TASK OBJECTIVE. From the first line to the last, repeat the data exactly but leave out the pictures.

Source records
....................
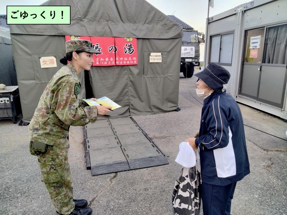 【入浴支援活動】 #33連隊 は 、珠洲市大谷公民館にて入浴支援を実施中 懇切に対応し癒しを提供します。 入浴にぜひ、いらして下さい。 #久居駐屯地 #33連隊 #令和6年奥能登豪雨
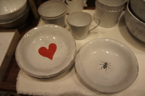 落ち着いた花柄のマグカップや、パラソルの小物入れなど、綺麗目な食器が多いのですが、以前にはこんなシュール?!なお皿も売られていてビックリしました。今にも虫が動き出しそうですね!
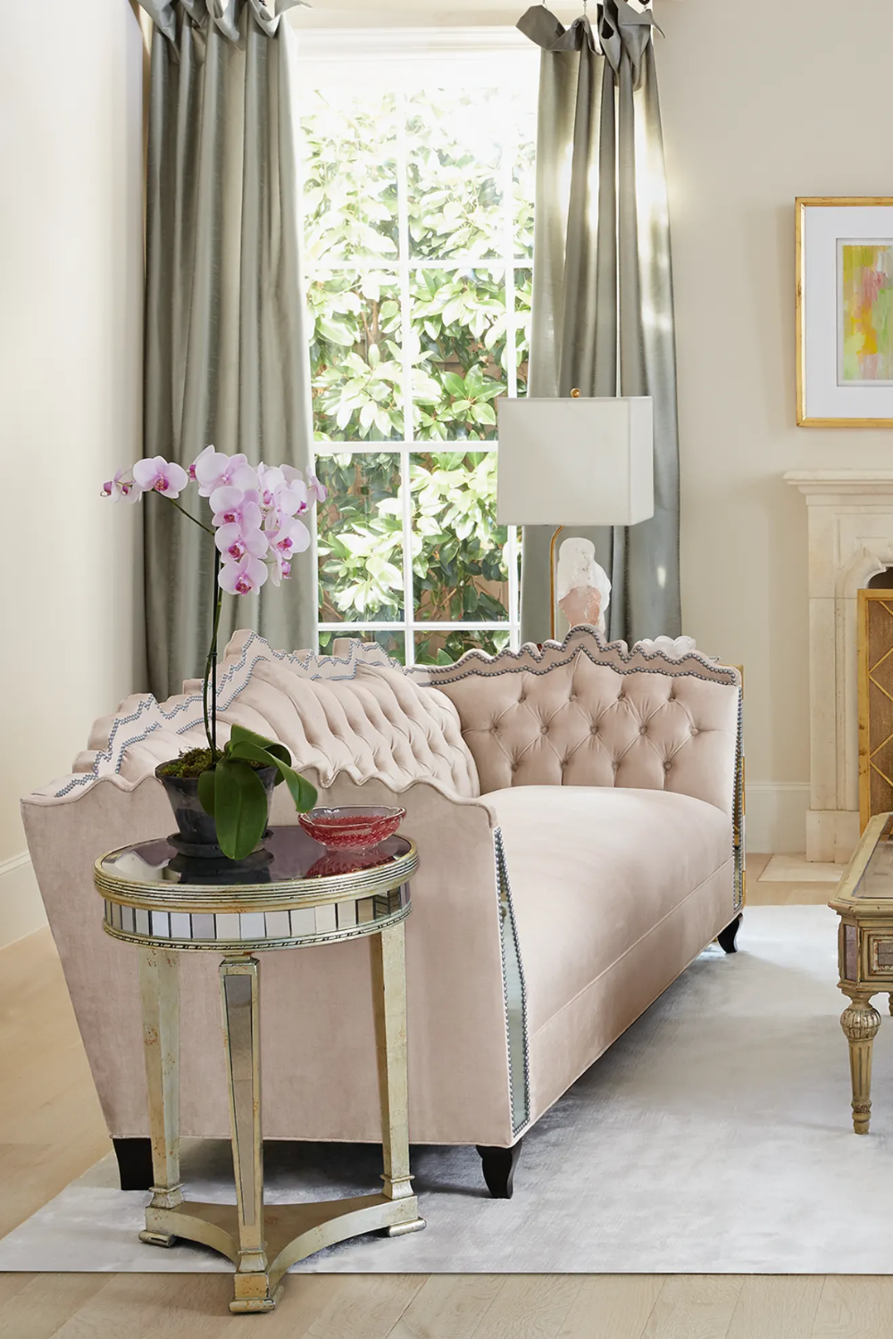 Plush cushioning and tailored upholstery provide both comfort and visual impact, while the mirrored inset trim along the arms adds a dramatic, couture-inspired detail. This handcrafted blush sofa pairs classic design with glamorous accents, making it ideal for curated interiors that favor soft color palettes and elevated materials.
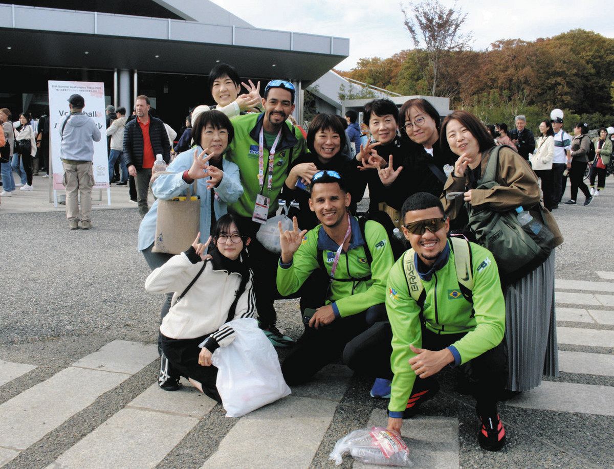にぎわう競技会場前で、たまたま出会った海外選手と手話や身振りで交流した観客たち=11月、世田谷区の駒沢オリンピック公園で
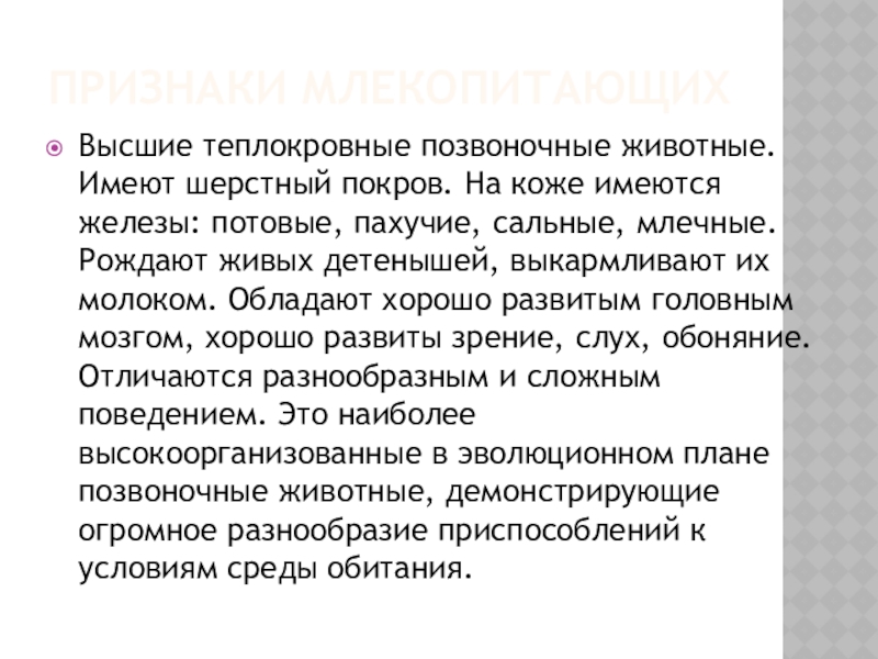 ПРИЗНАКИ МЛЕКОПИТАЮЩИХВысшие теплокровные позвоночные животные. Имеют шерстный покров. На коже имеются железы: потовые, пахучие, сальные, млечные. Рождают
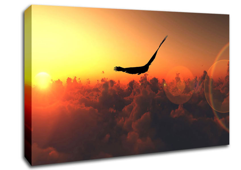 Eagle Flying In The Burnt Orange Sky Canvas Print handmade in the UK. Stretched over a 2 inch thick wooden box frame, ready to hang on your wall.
....................
ANSWER FOR THIS EXERCISE.
 【入浴支援活動】 #33連隊 は 、珠洲市大谷公民館にて入浴支援を実施中 懇切に対応し癒しを提供します。 入浴にぜひ、いらして下さい。 #久居駐屯地 #33連隊 #令和6年奥能登豪雨
 落ち着いた花柄のマグカップや、パラソルの小物入れなど、綺麗目な食器が多いのですが、以前にはこんなシュール?!なお皿も売られていてビックリしました。今にも虫が動き出しそうですね!
 Plush cushioning and tailored upholstery provide both comfort and visual impact, while the mirrored inset trim along the arms adds a dramatic, couture-inspired detail. This handcrafted blush sofa pairs classic design with glamorous accents, making it ideal for curated interiors that favor soft color palettes and elevated materials.
にぎわう競技会場前で、たまたま出会った海外選手と手話や身振りで交流した観客たち=11月、世田谷区の駒沢オリンピック公園で
 ПРИЗНАКИ МЛЕКОПИТАЮЩИХВысшие теплокровные позвоночные животные. Имеют шерстный покров. На коже имеются железы: потовые, пахучие, сальные, млечные. Рождают
 Eagle Flying In The Burnt Orange Sky Canvas Print handmade in the UK. Stretched over a 2 inch thick wooden box frame, ready to hang on your wall.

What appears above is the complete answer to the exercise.